Eles poderão ler estórias de dormir para as crianças ou trazer uma xícara de chá para um pai doente, patrulhar o quintal para evitar a entrada de intrusos, aparar a grama, passar o aspirador de pó ou operar outros eletrodomésticos. Eles vão também ocupar o seu escritório, selecionando a correspondência ou molhando as plantas.

Estamos falando de robôs e, para Bill Gross, eles representam a evolução natural do computador pessoal. "Com todo o poder de processamento de que dispõe os microcomputadores atuais, o próximo passo é acrescentar ao equipamento funções sensoriais sofisticadas".

Na conferência anual de tecnologia Demo, em Phoenix, Gross, presidente da Idealab, anunciou o lançamento de uma companhia de programação, a Evolution Robotics, que planeja criar uma geração de robôs pessoais.

Através da criação de uma "plataforma de software aberto", que a Evolution vai licenciar para fabricantes e projetistas, Gross espera controlar essa linhagem de máquinas da mesma maneira que a Microsoft, através do Windows, adquiriu o monopólio sobre os microcomputadores.

Se tudo sair de acordo com o planejado, ele acredita que robôs produzidos em massa, baseados no software da Evolution, vão ter um preço variando entre US$ 50 (R$ 123) e US$ 5.000 (R$ 12.300), sendo que os primeiros produtos do gênero devem aparecer dentro de um ano.
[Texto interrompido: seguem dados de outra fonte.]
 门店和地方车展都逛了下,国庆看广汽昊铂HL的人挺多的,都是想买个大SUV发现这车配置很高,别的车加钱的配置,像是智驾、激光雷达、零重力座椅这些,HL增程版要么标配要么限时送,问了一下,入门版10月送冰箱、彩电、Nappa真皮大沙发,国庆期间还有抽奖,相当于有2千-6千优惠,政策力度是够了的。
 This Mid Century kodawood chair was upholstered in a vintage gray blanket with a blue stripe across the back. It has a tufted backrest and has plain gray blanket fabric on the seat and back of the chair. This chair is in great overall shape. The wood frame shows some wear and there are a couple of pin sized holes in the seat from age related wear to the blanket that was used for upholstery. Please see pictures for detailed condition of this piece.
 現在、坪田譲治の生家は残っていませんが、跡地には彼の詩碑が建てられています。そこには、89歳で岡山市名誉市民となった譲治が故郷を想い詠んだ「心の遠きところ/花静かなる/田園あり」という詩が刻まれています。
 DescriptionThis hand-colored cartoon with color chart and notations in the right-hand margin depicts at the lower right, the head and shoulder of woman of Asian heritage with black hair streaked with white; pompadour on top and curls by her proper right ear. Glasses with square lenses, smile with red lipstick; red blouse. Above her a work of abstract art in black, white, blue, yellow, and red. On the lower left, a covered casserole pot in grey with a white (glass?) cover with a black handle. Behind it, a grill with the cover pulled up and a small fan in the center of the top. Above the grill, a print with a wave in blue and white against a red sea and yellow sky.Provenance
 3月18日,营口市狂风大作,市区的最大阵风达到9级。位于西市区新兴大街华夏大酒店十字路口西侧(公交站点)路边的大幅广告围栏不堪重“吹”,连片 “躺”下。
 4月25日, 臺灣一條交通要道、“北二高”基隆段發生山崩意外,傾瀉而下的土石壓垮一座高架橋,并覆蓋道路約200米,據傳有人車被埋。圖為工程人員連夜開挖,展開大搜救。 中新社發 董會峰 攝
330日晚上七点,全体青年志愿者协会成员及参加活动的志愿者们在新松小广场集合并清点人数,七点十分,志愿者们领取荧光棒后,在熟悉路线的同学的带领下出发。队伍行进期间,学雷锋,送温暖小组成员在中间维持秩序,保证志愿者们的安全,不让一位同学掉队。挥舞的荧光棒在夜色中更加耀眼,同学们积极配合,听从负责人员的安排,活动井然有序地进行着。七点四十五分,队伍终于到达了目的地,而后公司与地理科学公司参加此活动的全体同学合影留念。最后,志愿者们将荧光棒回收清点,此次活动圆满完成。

Os robôs, quer se pareçam com insetos repulsivos, com seres alienígenas ou imitem a forma humana, há muito tempo caíram na estima dos fãs da ficção científica. Os estereótipos mais conhecidos são os personagens de Guerra nas Estrelas, que podem ser inteligentes como um C3-P0 ou não passarem de autômatos cômicos, tão estúpidos quando uma maçaneta de porta.

Mas, há alguns anos os robôs saíram do território da fantasia. Eles vêm sendo utilizados nas linhas de montagem de fábricas, nos equipamentos militares de reconhecimento aéreo, ou até no local em que desmoronou o World Trade Center, em Nova York, onde máquinas móveis equipadas com câmeras examinam as brechas nos destroços em busca de corpos. E os robôs são capazes ainda de funcionar como seus olhos e ouvidos quando você não pode ir para uma casa de férias ou outro local remoto.

"Eu tenho a convicção de que na próxima década presenciaremos a aplicação dos robôs em serviços domésticos e sociais, em uma escala que nunca antes presenciamos", afirma George Bekey, fundador do Robotics Research Lab, da University of Southern Califórnia, e membro do comitê de conselheiros da Evolution. Acredita-se que já existem mais de 100 companhias em todo o mundo desenvolvendo algum protótipo.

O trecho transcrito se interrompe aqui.